*What you should do:*
From the records below, please repeat exactly the line that has "1年生が書初めの練習をしていました。低学年は、硬筆です。丁寧に練習しました。", the line that has "Egy olyan design, amely", and every line between them, and nothing else.

*Data for review:*
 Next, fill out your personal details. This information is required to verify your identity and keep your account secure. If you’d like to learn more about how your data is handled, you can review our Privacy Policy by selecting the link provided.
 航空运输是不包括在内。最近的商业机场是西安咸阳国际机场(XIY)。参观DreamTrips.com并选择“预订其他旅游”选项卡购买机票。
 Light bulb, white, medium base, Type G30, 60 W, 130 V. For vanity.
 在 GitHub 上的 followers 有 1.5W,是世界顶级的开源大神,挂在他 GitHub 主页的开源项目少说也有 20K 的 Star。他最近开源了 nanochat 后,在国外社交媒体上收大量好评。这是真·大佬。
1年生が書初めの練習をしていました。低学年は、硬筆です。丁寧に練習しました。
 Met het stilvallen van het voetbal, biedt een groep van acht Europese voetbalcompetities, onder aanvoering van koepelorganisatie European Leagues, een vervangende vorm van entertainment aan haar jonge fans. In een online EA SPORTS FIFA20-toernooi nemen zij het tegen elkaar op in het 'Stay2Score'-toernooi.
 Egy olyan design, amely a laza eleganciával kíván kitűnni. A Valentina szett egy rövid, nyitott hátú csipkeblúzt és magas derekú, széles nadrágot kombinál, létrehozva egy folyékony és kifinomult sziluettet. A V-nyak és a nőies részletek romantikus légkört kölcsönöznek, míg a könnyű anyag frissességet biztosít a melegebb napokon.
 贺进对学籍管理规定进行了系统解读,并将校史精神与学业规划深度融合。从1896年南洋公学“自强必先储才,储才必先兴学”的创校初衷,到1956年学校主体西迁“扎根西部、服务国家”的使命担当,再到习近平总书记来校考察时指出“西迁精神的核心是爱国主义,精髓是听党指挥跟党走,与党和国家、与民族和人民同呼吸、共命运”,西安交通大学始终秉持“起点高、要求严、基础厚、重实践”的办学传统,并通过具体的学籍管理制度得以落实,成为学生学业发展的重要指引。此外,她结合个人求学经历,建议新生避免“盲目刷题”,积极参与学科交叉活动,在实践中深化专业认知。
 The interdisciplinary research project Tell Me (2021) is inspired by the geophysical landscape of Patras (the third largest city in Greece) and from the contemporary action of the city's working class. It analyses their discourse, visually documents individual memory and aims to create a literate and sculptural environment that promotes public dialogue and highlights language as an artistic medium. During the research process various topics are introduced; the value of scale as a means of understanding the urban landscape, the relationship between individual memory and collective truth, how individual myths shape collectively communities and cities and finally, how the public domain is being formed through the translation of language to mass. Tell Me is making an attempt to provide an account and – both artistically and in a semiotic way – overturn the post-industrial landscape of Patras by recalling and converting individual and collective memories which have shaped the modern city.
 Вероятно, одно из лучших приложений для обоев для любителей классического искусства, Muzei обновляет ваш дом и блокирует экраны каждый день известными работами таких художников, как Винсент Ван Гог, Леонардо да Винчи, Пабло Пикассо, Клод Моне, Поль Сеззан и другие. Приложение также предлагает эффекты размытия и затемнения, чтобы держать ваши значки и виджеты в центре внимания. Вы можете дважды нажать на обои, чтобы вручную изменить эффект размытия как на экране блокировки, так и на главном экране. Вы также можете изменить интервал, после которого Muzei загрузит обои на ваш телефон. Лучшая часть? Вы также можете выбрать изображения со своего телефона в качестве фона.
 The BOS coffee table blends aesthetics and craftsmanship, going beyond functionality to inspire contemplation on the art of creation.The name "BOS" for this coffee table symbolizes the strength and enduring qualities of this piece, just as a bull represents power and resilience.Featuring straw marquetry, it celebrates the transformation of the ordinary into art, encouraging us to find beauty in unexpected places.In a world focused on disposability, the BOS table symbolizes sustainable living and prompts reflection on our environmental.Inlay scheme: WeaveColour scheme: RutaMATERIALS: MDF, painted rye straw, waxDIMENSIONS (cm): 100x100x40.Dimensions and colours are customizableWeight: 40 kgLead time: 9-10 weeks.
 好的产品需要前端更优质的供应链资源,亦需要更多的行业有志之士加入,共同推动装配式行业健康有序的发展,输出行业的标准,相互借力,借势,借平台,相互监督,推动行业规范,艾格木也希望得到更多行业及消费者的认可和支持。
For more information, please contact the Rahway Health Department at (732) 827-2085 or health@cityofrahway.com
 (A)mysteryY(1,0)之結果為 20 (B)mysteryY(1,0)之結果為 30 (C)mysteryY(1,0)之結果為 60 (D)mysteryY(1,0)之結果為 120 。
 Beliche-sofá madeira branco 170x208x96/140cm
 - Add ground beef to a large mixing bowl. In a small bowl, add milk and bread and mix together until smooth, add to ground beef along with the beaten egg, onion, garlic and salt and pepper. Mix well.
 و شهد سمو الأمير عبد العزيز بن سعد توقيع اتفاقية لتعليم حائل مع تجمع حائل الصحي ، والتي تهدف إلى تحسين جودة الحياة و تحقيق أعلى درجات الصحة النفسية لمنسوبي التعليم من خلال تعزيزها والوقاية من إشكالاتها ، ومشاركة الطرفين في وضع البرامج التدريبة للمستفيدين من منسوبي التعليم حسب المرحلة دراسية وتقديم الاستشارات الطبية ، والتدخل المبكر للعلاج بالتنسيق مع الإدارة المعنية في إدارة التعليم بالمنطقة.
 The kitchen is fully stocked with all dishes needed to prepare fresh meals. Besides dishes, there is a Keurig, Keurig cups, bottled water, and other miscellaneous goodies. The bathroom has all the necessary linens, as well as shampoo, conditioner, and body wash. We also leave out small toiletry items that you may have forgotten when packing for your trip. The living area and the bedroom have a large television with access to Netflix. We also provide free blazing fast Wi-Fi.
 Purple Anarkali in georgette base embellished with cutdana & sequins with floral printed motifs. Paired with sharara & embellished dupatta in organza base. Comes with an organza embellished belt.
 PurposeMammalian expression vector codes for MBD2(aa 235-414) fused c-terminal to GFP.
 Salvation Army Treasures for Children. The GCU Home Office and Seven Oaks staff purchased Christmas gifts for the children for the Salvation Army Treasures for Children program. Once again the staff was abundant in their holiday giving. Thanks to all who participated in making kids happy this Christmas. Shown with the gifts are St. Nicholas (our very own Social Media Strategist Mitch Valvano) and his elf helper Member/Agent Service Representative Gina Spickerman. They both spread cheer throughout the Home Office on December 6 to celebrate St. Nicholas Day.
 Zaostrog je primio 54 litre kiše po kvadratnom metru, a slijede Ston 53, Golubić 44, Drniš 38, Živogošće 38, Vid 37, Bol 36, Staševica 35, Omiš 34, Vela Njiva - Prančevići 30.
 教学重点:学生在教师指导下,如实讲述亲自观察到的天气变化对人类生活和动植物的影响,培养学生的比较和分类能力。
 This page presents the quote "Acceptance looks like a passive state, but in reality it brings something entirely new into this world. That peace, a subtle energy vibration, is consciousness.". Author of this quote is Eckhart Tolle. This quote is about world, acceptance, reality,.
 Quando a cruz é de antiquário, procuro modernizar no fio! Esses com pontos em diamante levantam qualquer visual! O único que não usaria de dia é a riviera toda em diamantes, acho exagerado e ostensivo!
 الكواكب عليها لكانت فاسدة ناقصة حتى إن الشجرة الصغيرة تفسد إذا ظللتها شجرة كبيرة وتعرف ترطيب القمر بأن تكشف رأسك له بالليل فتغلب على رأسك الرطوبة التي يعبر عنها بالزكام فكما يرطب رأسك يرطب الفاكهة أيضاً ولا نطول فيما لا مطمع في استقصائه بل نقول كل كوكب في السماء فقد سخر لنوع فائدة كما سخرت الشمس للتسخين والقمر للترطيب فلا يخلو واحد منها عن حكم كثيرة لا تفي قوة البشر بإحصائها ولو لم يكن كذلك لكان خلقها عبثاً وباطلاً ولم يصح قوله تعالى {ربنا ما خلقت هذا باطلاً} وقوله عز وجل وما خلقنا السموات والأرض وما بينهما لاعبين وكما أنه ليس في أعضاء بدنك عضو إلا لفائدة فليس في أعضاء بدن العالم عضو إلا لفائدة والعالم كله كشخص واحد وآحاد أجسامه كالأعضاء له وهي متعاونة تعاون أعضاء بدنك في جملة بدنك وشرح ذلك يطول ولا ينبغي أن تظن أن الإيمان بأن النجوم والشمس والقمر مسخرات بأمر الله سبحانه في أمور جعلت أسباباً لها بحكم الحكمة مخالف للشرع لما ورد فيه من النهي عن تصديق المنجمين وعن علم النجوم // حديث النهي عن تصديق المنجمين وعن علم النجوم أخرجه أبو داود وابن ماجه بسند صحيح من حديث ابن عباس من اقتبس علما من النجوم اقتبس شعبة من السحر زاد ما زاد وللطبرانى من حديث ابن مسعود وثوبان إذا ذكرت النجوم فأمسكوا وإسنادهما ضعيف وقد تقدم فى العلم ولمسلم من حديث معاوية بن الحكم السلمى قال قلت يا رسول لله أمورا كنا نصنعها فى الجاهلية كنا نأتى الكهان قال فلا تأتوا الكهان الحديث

*Solved problem:*
1年生が書初めの練習をしていました。低学年は、硬筆です。丁寧に練習しました。
 Met het stilvallen van het voetbal, biedt een groep van acht Europese voetbalcompetities, onder aanvoering van koepelorganisatie European Leagues, een vervangende vorm van entertainment aan haar jonge fans. In een online EA SPORTS FIFA20-toernooi nemen zij het tegen elkaar op in het 'Stay2Score'-toernooi.
 Egy olyan design, amely a laza eleganciával kíván kitűnni. A Valentina szett egy rövid, nyitott hátú csipkeblúzt és magas derekú, széles nadrágot kombinál, létrehozva egy folyékony és kifinomult sziluettet. A V-nyak és a nőies részletek romantikus légkört kölcsönöznek, míg a könnyű anyag frissességet biztosít a melegebb napokon.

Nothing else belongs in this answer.